Police file charges in Canada HIV-tainted blood scandal

Police in Toronto filed 32 charges Wednesday against four doctors, the Red Cross, and a U.S. pharmaceutical company as the result of a five-year investigation of a scandal involving tainted blood that caused thousands of Canadians to become infected with HIV and hepatitis C. The charges include criminal negligence causing bodily harm, which carries a maximum 10-year prison sentence.
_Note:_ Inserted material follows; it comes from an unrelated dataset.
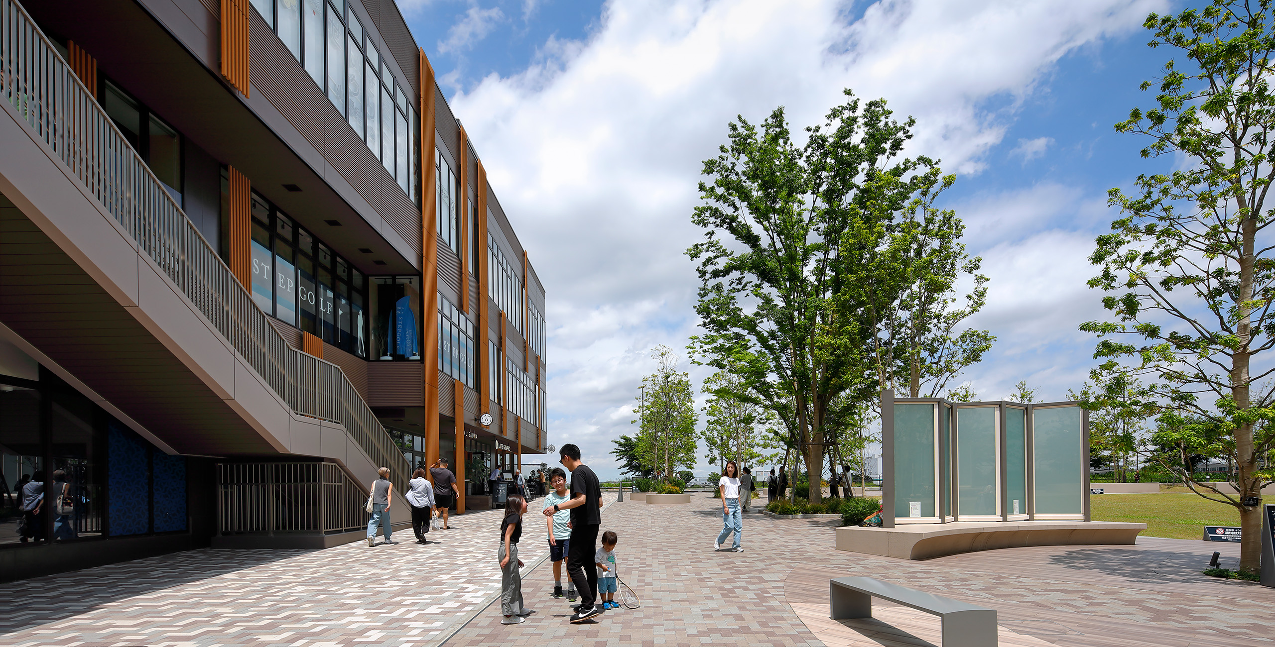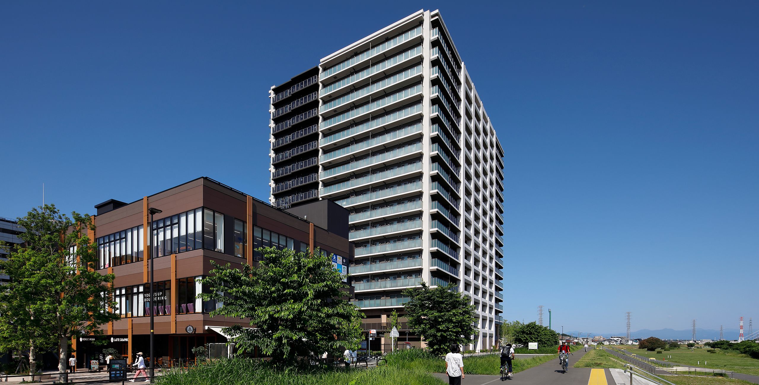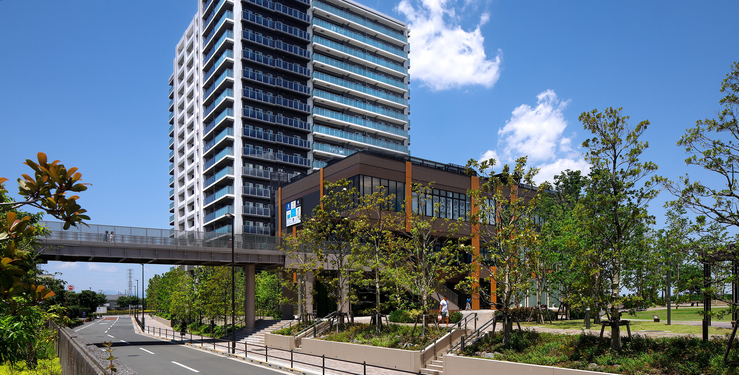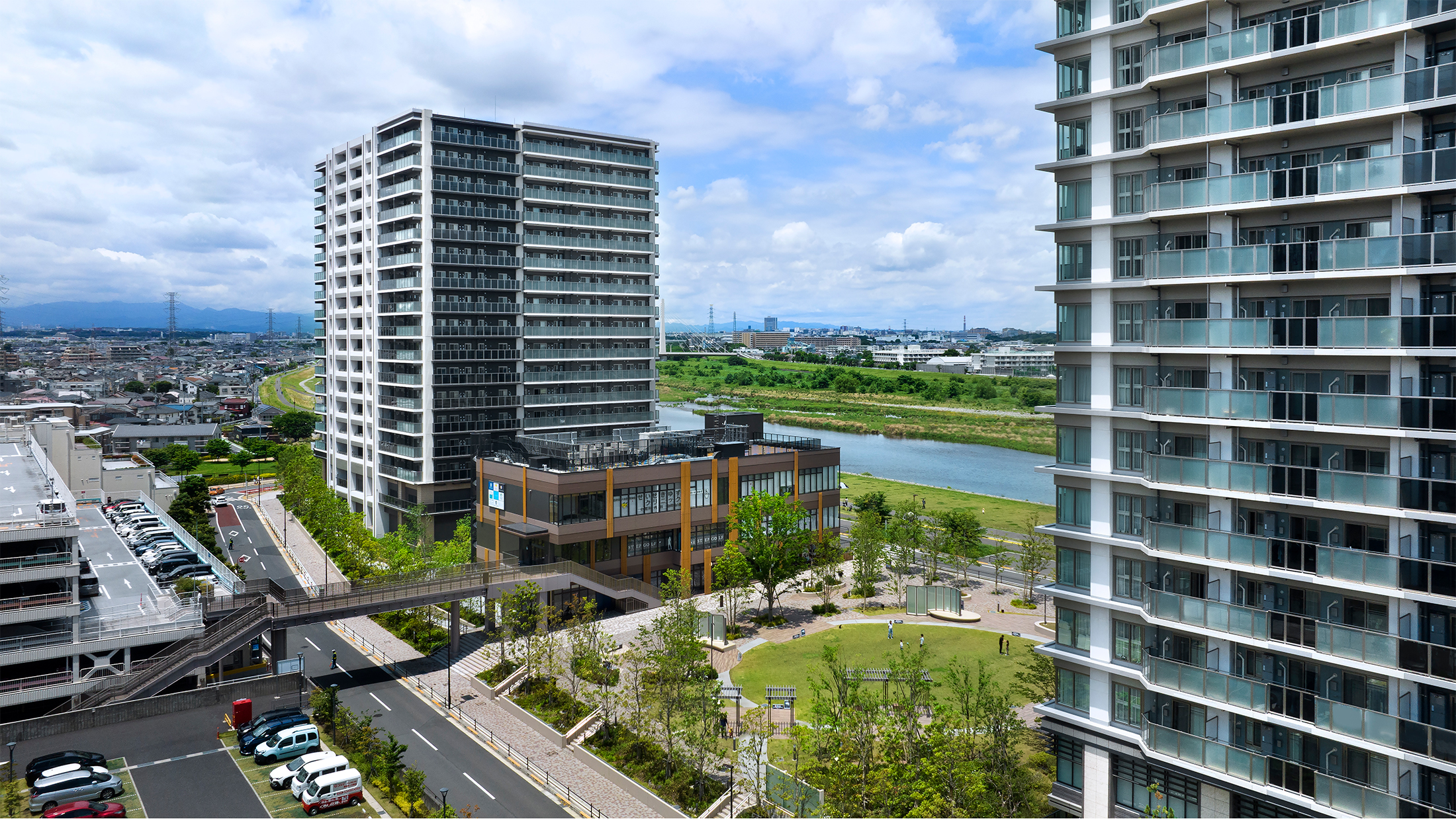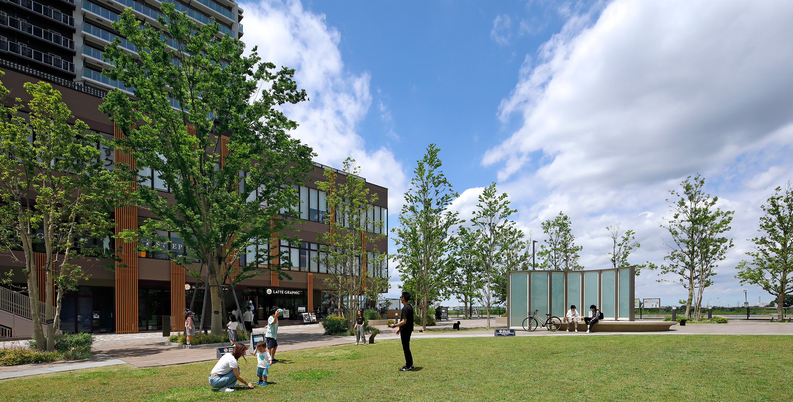 隣接する先行街区の開放的な芝生広場との連続性を高めるため、芝生広場に沿って歩行空間を整備し、一体的な広いランドスケープ空間を創出した。外構仕上げも先行街区のデザインを引き継ぎ、多摩川への方向性を感じさせる舗装パターンを用いる、一体開発としてのまとまり感をランドスケープデザインでは大切にしている。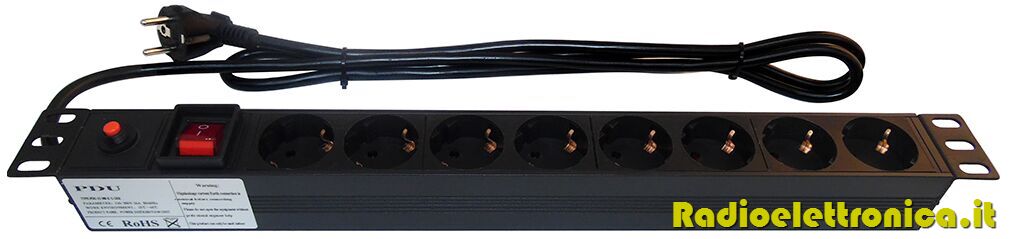 Multipresa 8 posti SHUKO per armadio rack 19" con interruttore luminoso

Rod Knecht, who heads a Royal Canadian Mounted Police task force created to investigate the case, said further charges were possible. The tainted-blood scandal is considered one of the worst public health disasters in Canadian history, with 1,200 people getting infected with HIV and nearly 20,000 others contracting hepatitis C after receiving tainted blood and blood products in the 1980s. The charges stem from information showing that the agencies and individuals in question knew that blood and blood-clotting products being distributed were possibly contaminated and that blood products were not screened for pathogens even though screening technologies existed at the time. Canada's Red Cross began screening blood for HIV in 1985 and for hepatitis C in 1990. The Red Cross was charged Wednesday with six counts of common nuisance by endangering the public. Also charged was the Armour pharmaceutical company, a subsidiary of New Jersey-based Rhone-Poulenc Rorer, which faces three counts of criminal negligence causing bodily harm, one count of common nuisance, and one count of failure to notify under the Food and Drug Act. Criminal negligence and common nuisance charges were also filed against four doctors--Michael Rodell, former Armour vice president; Roger Perrault, former director of the blood transfusion service of the Canadian Red Cross; John Furesz, former director of the Bureau of Biologics at Health Canada; and Wark Boucher, former chief of the blood products division of the Bureau of Biologics.